### What the exercise asks
Would you transcribe the entries below word for word, omitting all images?

*** Block opens ***

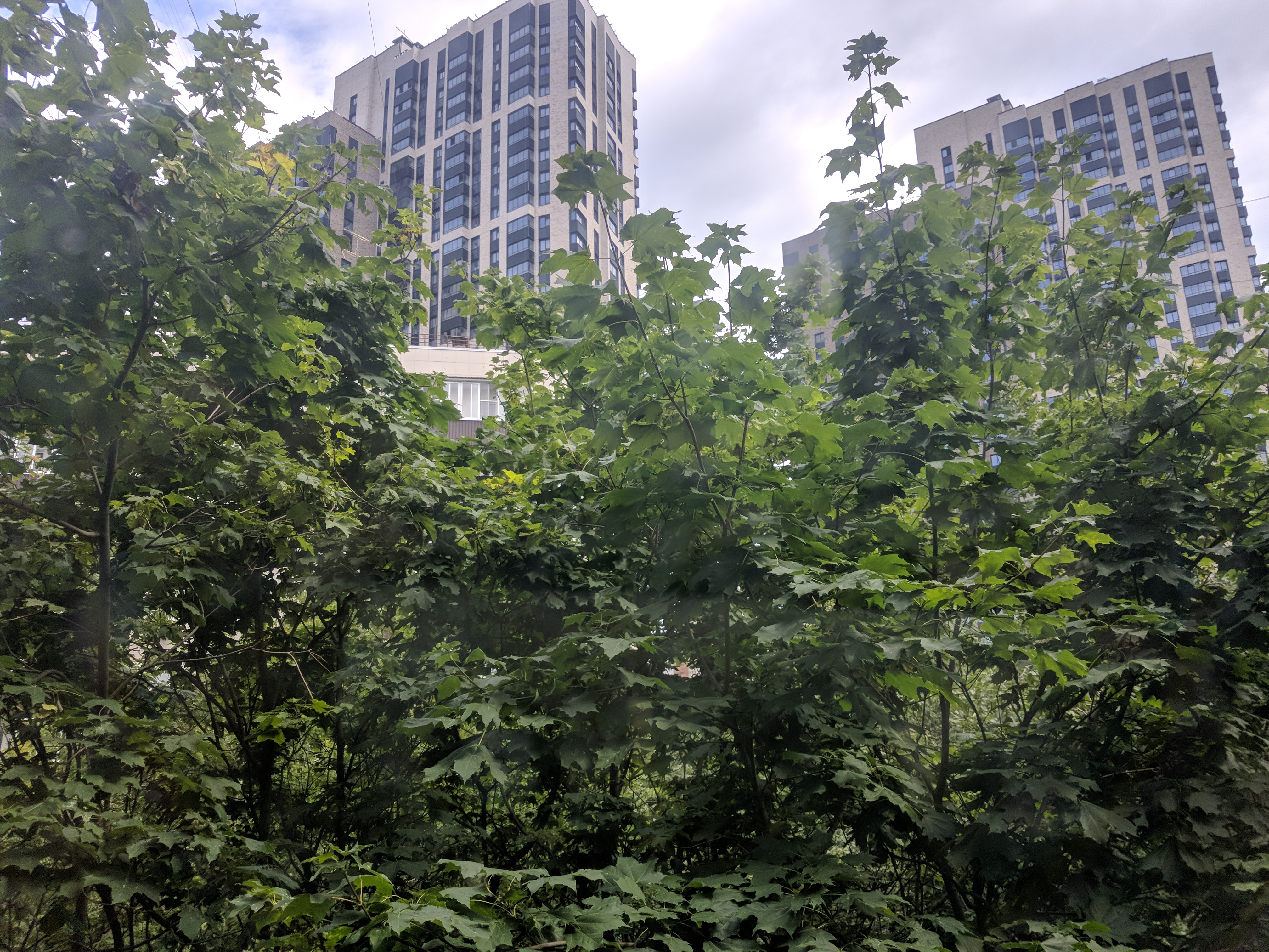 Уже публиковал к предыдущей записи, это если влево посмотреть. Вправо - неинтересно, сплошная зелень. И не скажешь, что до сити - 7 минут на машине.
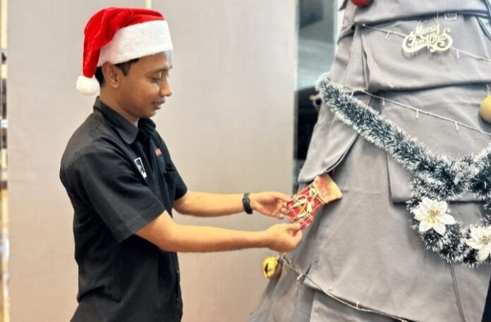 Sidoarjo, (pawartajatim.com) – Menyambut Natal tahun ini, Hotel Neo+ Waru Sidoarjo kembali menghadirkan sentuhan kreativitas melalui dekorasi khas yang berbeda dari tahun-tahun sebelumnya. Tim Housekeeping hotel menciptakan Pohon Natal unik yang seluruhnya disusun dari bed runner, sebuah kreatifitas sederhana, namun penuh makna yang menggabungkan unsur estetika dan nilai keberlanjutan.
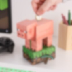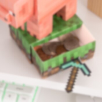 Sparen Sie auf kreative und spielerische Weise mit diesem tollen Minecraft-Bauset! Das Set enthält alles, was Sie brauchen, um ein süßes Schwein zu basteln, das gleichzeitig als Spardose dient – ganz ohne Schere oder Kleber.
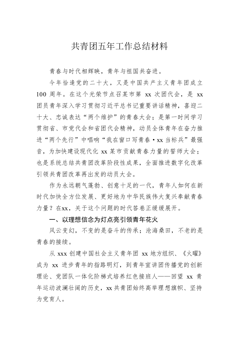 / 共青团五年工作总结材料
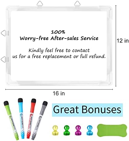 CONTAINS EVERYTHING YOU NEED – This dry erase whiteboard kit includes a 16×12-inch presentation board, 4 magnets, 1 eraser, and 8 markers. It comes with everything you need. Enjoy the marker board as soon as you receive it!
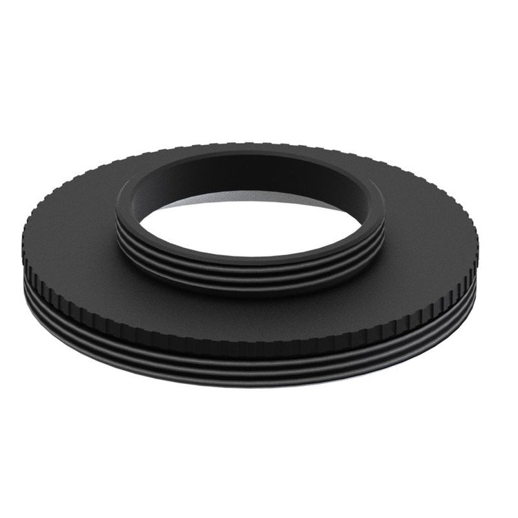 Adattatore per fotocamere con raccordo passo C verso raccordi M42; poiché è standard, permette l'impiego di ulteriori raccordi.
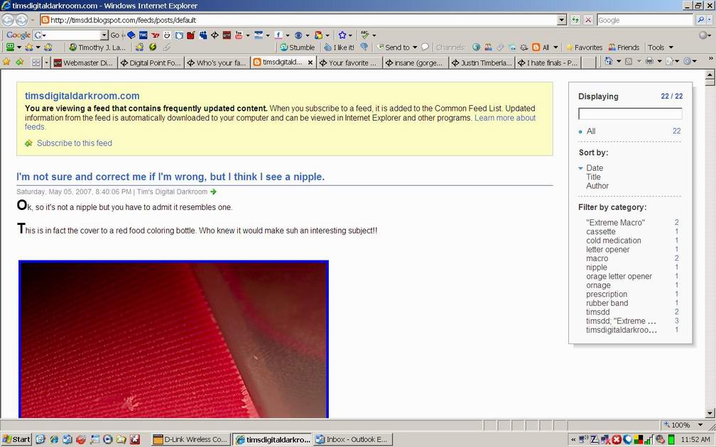 thanks for the tip-off Darren...what browser? the feed reacts differently than it used too...not sure if blogger changed it or what...nor am I savy enough to know what to look for as far as changes. this is what I can tell you, if I click on it in IE7 (see attached), it will take me to a stripped version of the post...it still contains all the text and images if I were viewing it from this link: http://timsdd.blogspot.com/2007/05/im-not-sure-and-correct-me-if-im-wrong.html but obviously looks much different no background, or sidebars, etc.
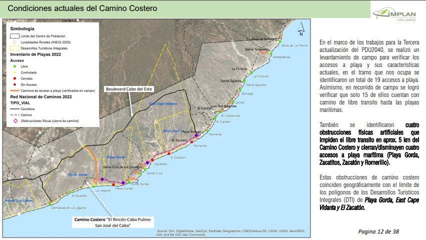 (Lo que se tiene en los hechos según informes documentados por el propio Instituto Municipal de Planeación es un tramo pavimentado y el cierre y obstrucción de 5 km de camino costero precisamente en los predios de los desarrollos, lo cual expliqué ampliamente en este espacio de opinión el 5 de febrero de este año https://hoybcs.com/camino-costero-y-acceso-a-playas-peras-y-manzanas/ ).
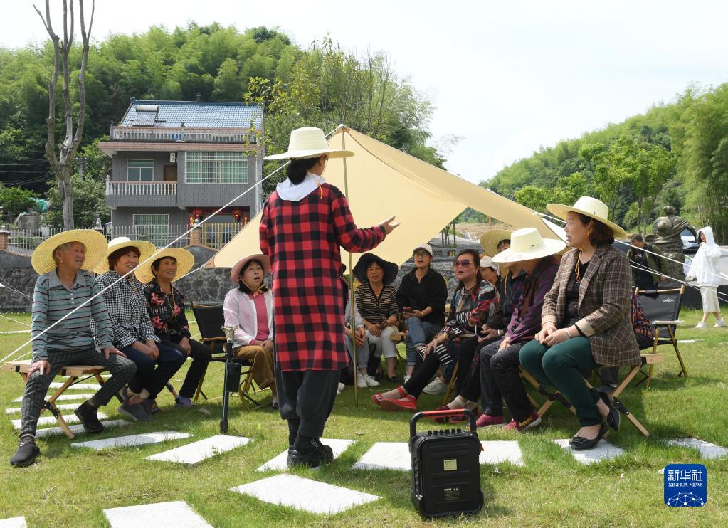 5月17日,在浙江省建德市航川村,“文藝村長(cháng)”周霞(中)指導村民們進(jìn)行聲樂(lè )練習。該市在各鎮街推行“文藝村長(cháng)”工作制度,將有意愿的文藝工作者分派到農村開(kāi)展教學(xué)。新華社記者 翁忻旸 攝

*** Block closes ***

### Answer to the problem
 Уже публиковал к предыдущей записи, это если влево посмотреть. Вправо - неинтересно, сплошная зелень. И не скажешь, что до сити - 7 минут на машине.
 Sidoarjo, (pawartajatim.com) – Menyambut Natal tahun ini, Hotel Neo+ Waru Sidoarjo kembali menghadirkan sentuhan kreativitas melalui dekorasi khas yang berbeda dari tahun-tahun sebelumnya. Tim Housekeeping hotel menciptakan Pohon Natal unik yang seluruhnya disusun dari bed runner, sebuah kreatifitas sederhana, namun penuh makna yang menggabungkan unsur estetika dan nilai keberlanjutan.
 Sparen Sie auf kreative und spielerische Weise mit diesem tollen Minecraft-Bauset! Das Set enthält alles, was Sie brauchen, um ein süßes Schwein zu basteln, das gleichzeitig als Spardose dient – ganz ohne Schere oder Kleber.
 / 共青团五年工作总结材料
 CONTAINS EVERYTHING YOU NEED – This dry erase whiteboard kit includes a 16×12-inch presentation board, 4 magnets, 1 eraser, and 8 markers. It comes with everything you need. Enjoy the marker board as soon as you receive it!
 Adattatore per fotocamere con raccordo passo C verso raccordi M42; poiché è standard, permette l'impiego di ulteriori raccordi.
 thanks for the tip-off Darren...what browser? the feed reacts differently than it used too...not sure if blogger changed it or what...nor am I savy enough to know what to look for as far as changes. this is what I can tell you, if I click on it in IE7 (see attached), it will take me to a stripped version of the post...it still contains all the text and images if I were viewing it from this link: http://timsdd.blogspot.com/2007/05/im-not-sure-and-correct-me-if-im-wrong.html but obviously looks much different no background, or sidebars, etc.
 (Lo que se tiene en los hechos según informes documentados por el propio Instituto Municipal de Planeación es un tramo pavimentado y el cierre y obstrucción de 5 km de camino costero precisamente en los predios de los desarrollos, lo cual expliqué ampliamente en este espacio de opinión el 5 de febrero de este año https://hoybcs.com/camino-costero-y-acceso-a-playas-peras-y-manzanas/ ).
 5月17日,在浙江省建德市航川村,“文藝村長(cháng)”周霞(中)指導村民們進(jìn)行聲樂(lè )練習。該市在各鎮街推行“文藝村長(cháng)”工作制度,將有意愿的文藝工作者分派到農村開(kāi)展教學(xué)。新華社記者 翁忻旸 攝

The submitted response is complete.